Task statement: Print the data that follows word for word, leaving out any picture.

Records supplied:
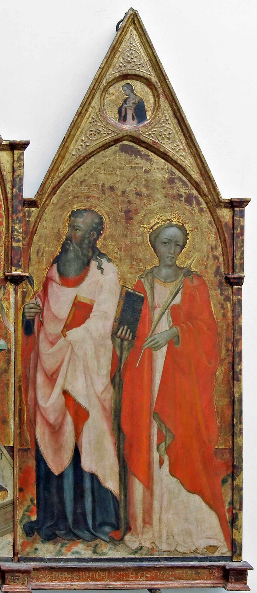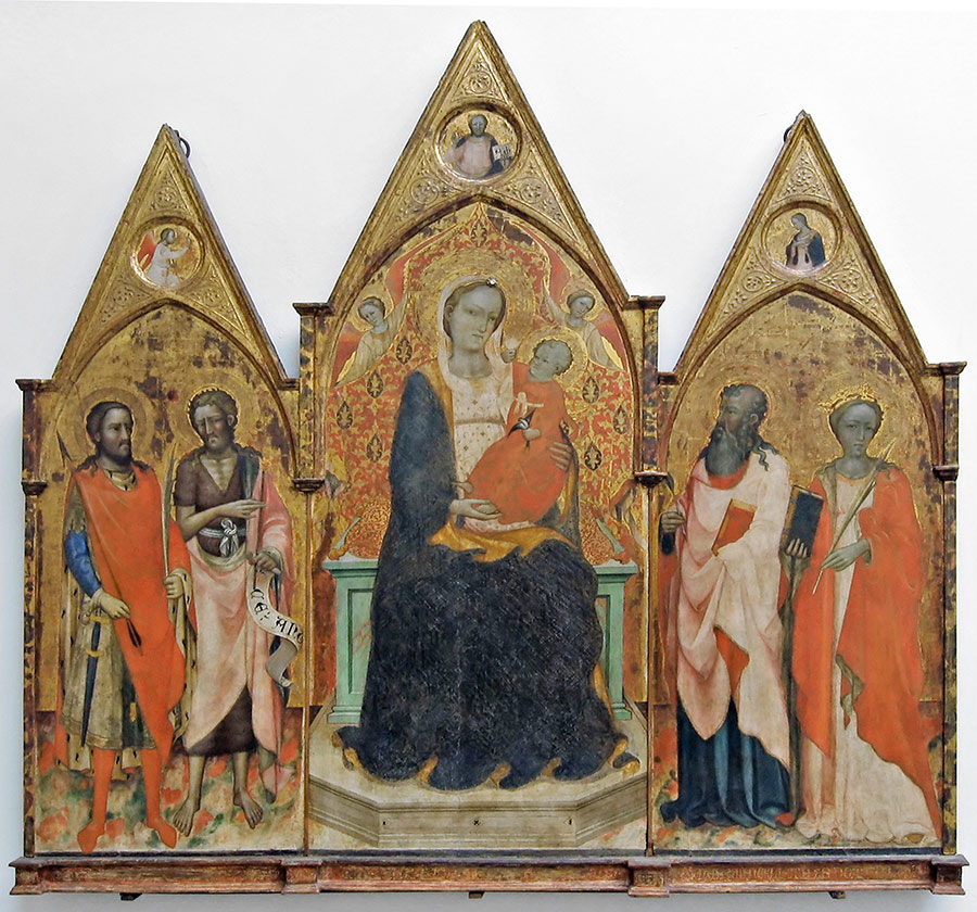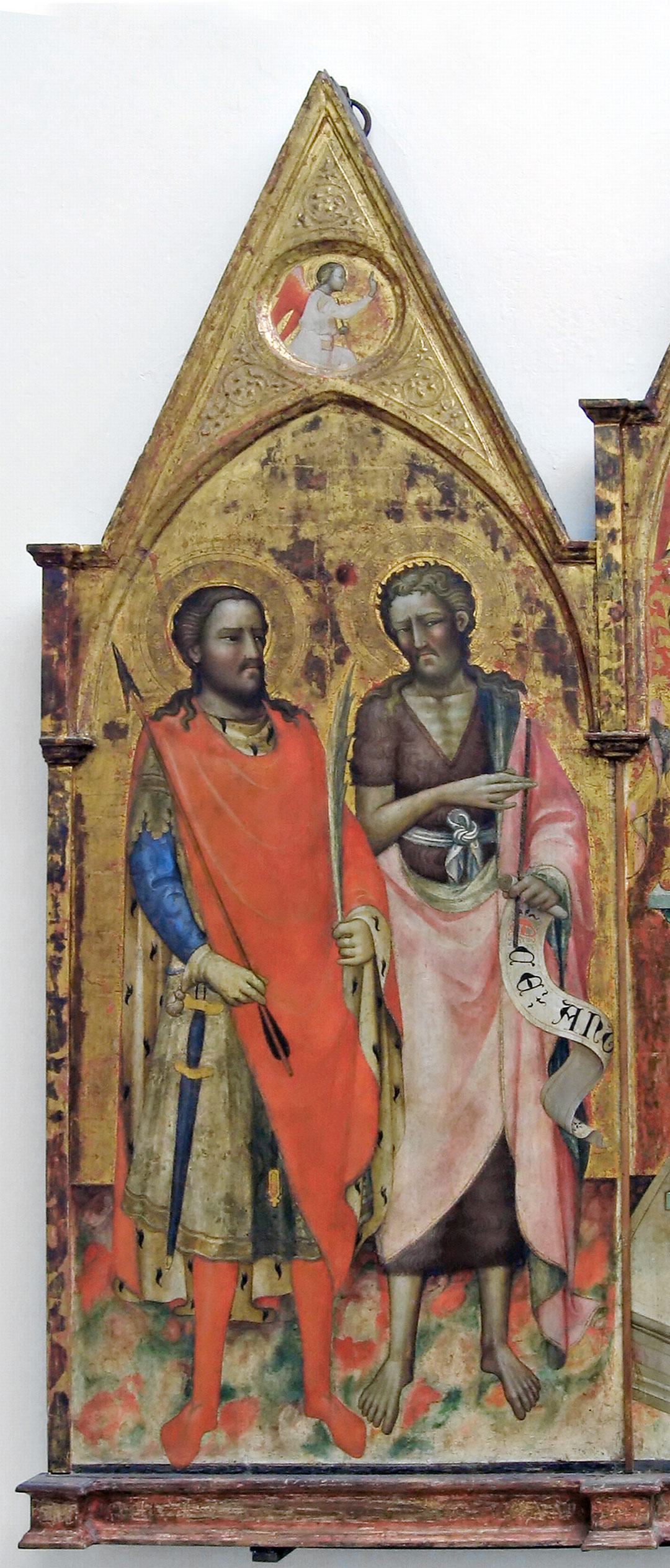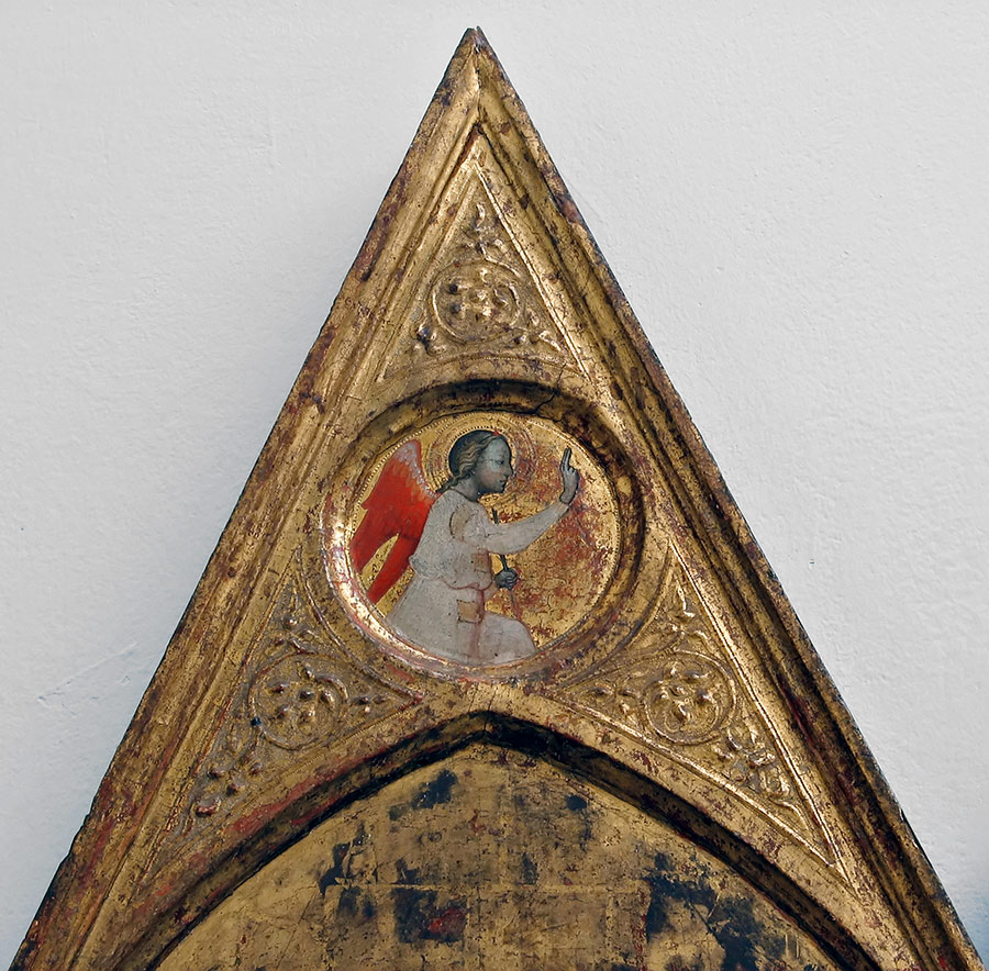 Il polittico è stato attribuito a Rossello di Jacopo Franchi dal Venturi (1911) e dal Berenson (1932). L’opera, proveniente dalla pieve di San Giovanni Battista a Monterappoli, sulle colline che circondano Empoli, presenta numerose lacune nella carpenteria e una superficie pittorica opaca per effetto di robuste puliture subite in passato. Rimangono così in sordina i colori luminosi e squillanti dei manti e del prezioso tendaggio srotolato dagli angeli alle spalle della Vergine, dove i motivi decorativi eseguiti a bulino dovevano risaltare sul fondo rosso restituendo davvero l’effetto tattile di una stoffa pregiata. Rossello di Jacopo Franchi rientra a buon titolo nel novero degli artisti di transizione che, partiti dalla tradizione tardo trecentesca fiorentina capeggiata da Andrea Orcagna, Jacopo di Cione, Agnolo Gaddi, subiscono l’influsso delle novità dello stile internazionale, sull’esempio di Gherardo Starnina e Lorenzo Monaco. Il polittico empolese viene datato generalmente agli anni 1420- 1430 (Paolucci 1985) anche per le strettissime affinità che lo legano a un trittico conservato agli Uffizi e riferibile agli stessi anni.
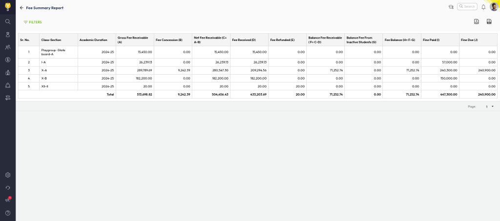 This summary is crucial for schools to effectively monitor fee collections and overall financial status.
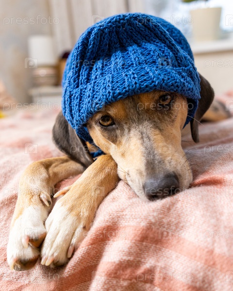 Пятнистая собака с грустным лицом в голубой вязанной шляпе сидит на кровати и смотрит в камеру
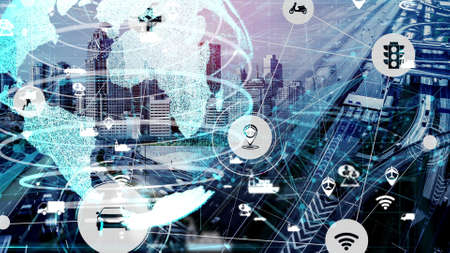3D illustration international communication and advanced internet network connect in smart city . Concept of international 5G wireless digital connection and internet of things future.
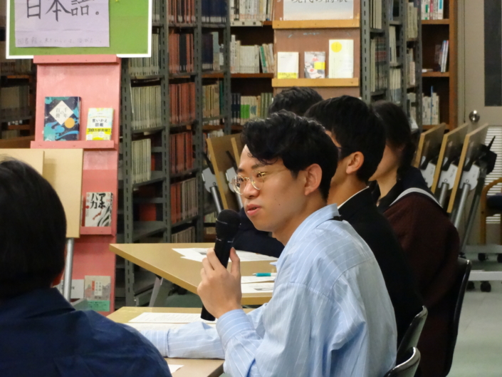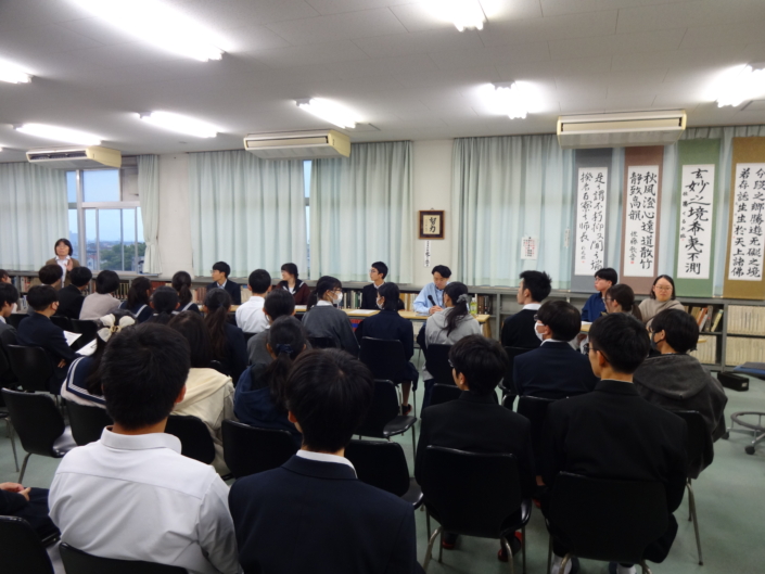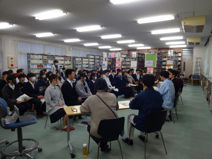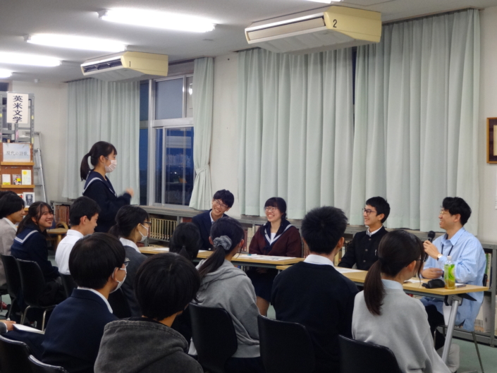 10月31日(金)に、槍高放課後トークを開催しました。通算8回目となりますが、今回はこれまでとは趣向を変えて、講演会ではなく、事前に集めた質問に講師が回答する形で進めました。講師は、YouTube、Podcastチャンネル「ゆる言語学ラジオ」を主催されている水野太貴さん。「ことば」に興味を抱く在校生や卒業生、教員が参加し、「方言はどうして生まれるのか」「人工言語をどう思うか」「世界統一言語成立の可能性はあるか」等の、ことばにまつわる少しマニアックな質問に的確に答えられました。参加者は、普段何気なく使っていることばについて、見識を広めることができたと思います。
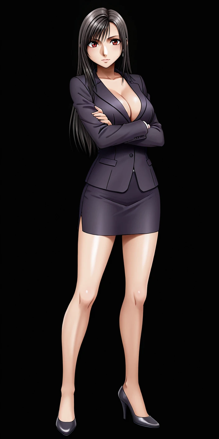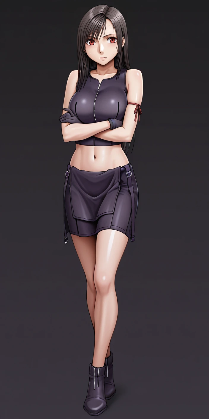 tifa, long hair, black hair, red eyes, earrings, large breasts, ribbon, ziper, sleeveless, shirt, navel, bare shoulders, black gloves, pencil skirt,
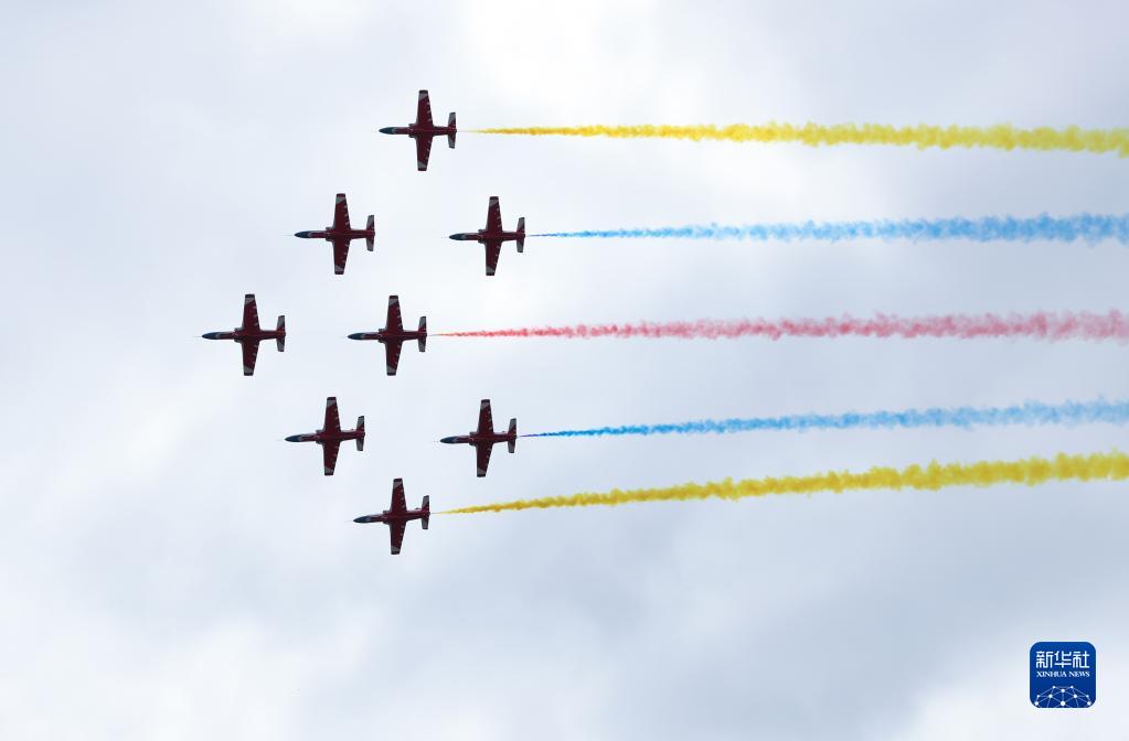 11月11日,空軍航空大學(xué)“紅鷹”飛行表演隊在第十四屆中國航展上進(jìn)行飛行表演。
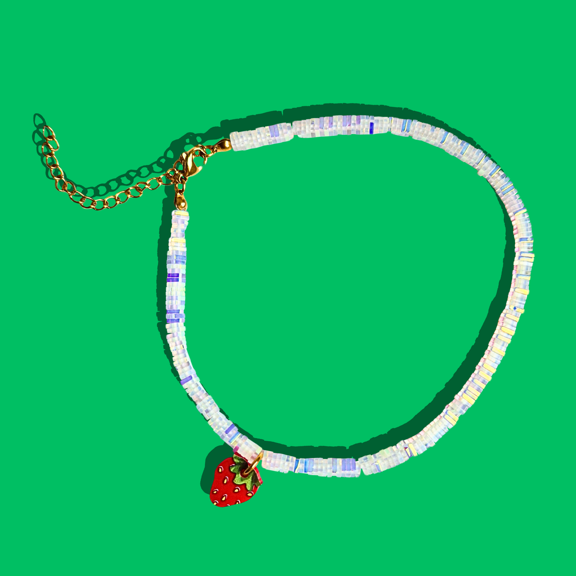 Βραχιόλι Ποδιού από Λευκά Κρυσταλλάκια και Κρεμαστή Πλέξι Φραουλίτσα

Exercise output:
 Il polittico è stato attribuito a Rossello di Jacopo Franchi dal Venturi (1911) e dal Berenson (1932). L’opera, proveniente dalla pieve di San Giovanni Battista a Monterappoli, sulle colline che circondano Empoli, presenta numerose lacune nella carpenteria e una superficie pittorica opaca per effetto di robuste puliture subite in passato. Rimangono così in sordina i colori luminosi e squillanti dei manti e del prezioso tendaggio srotolato dagli angeli alle spalle della Vergine, dove i motivi decorativi eseguiti a bulino dovevano risaltare sul fondo rosso restituendo davvero l’effetto tattile di una stoffa pregiata. Rossello di Jacopo Franchi rientra a buon titolo nel novero degli artisti di transizione che, partiti dalla tradizione tardo trecentesca fiorentina capeggiata da Andrea Orcagna, Jacopo di Cione, Agnolo Gaddi, subiscono l’influsso delle novità dello stile internazionale, sull’esempio di Gherardo Starnina e Lorenzo Monaco. Il polittico empolese viene datato generalmente agli anni 1420- 1430 (Paolucci 1985) anche per le strettissime affinità che lo legano a un trittico conservato agli Uffizi e riferibile agli stessi anni.
 This summary is crucial for schools to effectively monitor fee collections and overall financial status.
 Пятнистая собака с грустным лицом в голубой вязанной шляпе сидит на кровати и смотрит в камеру
3D illustration international communication and advanced internet network connect in smart city . Concept of international 5G wireless digital connection and internet of things future.
 10月31日(金)に、槍高放課後トークを開催しました。通算8回目となりますが、今回はこれまでとは趣向を変えて、講演会ではなく、事前に集めた質問に講師が回答する形で進めました。講師は、YouTube、Podcastチャンネル「ゆる言語学ラジオ」を主催されている水野太貴さん。「ことば」に興味を抱く在校生や卒業生、教員が参加し、「方言はどうして生まれるのか」「人工言語をどう思うか」「世界統一言語成立の可能性はあるか」等の、ことばにまつわる少しマニアックな質問に的確に答えられました。参加者は、普段何気なく使っていることばについて、見識を広めることができたと思います。
 tifa, long hair, black hair, red eyes, earrings, large breasts, ribbon, ziper, sleeveless, shirt, navel, bare shoulders, black gloves, pencil skirt,
 11月11日,空軍航空大學(xué)“紅鷹”飛行表演隊在第十四屆中國航展上進(jìn)行飛行表演。
 Βραχιόλι Ποδιού από Λευκά Κρυσταλλάκια και Κρεμαστή Πλέξι Φραουλίτσα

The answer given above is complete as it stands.